■ **DIRECTIONS**: The line containing "我們火爆孕嬰童穿上我們標志性" marks the end; write out exactly every line from the start of the data up to and including it, without the pictures.

Segment Start: SUPPLIED INFORMATION

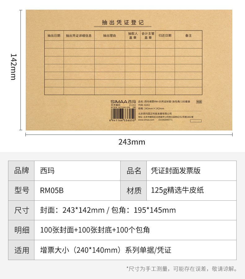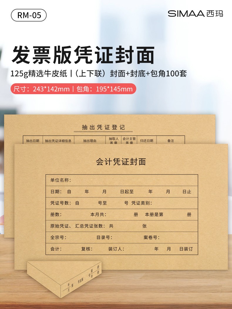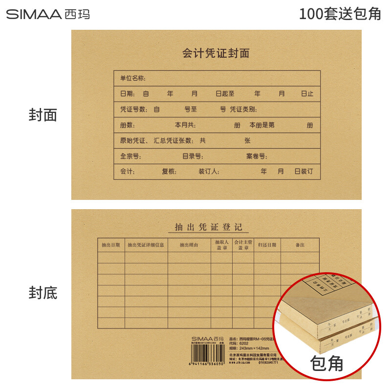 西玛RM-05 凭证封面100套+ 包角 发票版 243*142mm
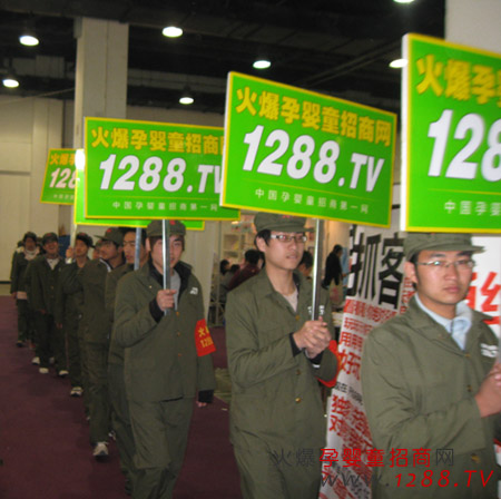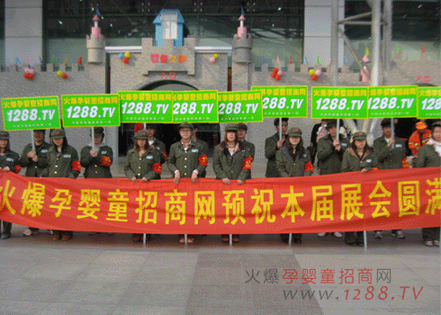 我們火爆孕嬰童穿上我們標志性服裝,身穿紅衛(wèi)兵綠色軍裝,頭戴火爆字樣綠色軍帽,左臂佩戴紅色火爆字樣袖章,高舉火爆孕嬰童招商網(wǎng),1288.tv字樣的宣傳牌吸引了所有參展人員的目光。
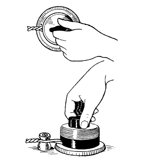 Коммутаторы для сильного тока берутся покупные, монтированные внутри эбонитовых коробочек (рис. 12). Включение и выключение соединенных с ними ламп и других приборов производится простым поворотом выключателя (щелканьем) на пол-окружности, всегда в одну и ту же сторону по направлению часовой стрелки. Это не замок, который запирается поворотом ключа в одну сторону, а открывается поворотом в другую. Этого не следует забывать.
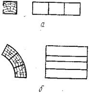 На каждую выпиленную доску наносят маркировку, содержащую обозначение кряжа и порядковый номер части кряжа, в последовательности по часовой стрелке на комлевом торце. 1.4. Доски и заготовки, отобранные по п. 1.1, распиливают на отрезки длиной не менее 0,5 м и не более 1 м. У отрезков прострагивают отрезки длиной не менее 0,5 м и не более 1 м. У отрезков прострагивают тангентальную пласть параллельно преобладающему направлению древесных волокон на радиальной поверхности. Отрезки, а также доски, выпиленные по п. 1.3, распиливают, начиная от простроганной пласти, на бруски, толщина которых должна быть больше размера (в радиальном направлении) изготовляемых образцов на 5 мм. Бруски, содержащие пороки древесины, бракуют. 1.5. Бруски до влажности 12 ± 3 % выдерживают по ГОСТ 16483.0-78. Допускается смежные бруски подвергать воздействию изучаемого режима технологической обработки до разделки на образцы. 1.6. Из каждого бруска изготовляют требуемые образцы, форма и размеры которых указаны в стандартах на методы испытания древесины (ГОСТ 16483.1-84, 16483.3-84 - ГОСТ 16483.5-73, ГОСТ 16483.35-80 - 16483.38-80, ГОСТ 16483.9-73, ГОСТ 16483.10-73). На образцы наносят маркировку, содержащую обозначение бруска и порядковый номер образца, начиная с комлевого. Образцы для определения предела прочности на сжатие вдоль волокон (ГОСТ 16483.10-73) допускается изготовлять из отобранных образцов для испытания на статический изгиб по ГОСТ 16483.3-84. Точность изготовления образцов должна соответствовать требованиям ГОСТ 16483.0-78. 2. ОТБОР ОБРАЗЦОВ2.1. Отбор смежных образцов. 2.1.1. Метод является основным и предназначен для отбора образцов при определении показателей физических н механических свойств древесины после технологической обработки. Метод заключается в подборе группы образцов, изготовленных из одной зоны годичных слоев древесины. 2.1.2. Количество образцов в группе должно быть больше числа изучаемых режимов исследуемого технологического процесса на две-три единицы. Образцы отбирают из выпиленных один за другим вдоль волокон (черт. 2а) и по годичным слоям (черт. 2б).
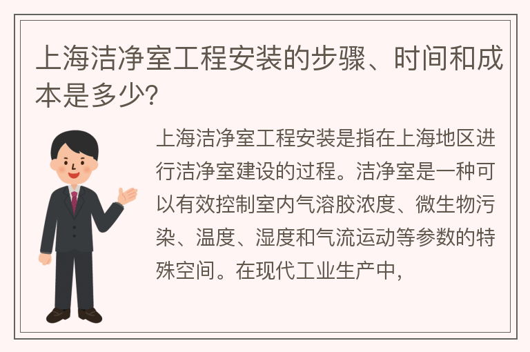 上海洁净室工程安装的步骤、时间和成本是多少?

Segment End: SUPPLIED INFORMATION

■ **TASK RESPONSE**:
 西玛RM-05 凭证封面100套+ 包角 发票版 243*142mm
 我們火爆孕嬰童穿上我們標志性服裝,身穿紅衛(wèi)兵綠色軍裝,頭戴火爆字樣綠色軍帽,左臂佩戴紅色火爆字樣袖章,高舉火爆孕嬰童招商網(wǎng),1288.tv字樣的宣傳牌吸引了所有參展人員的目光。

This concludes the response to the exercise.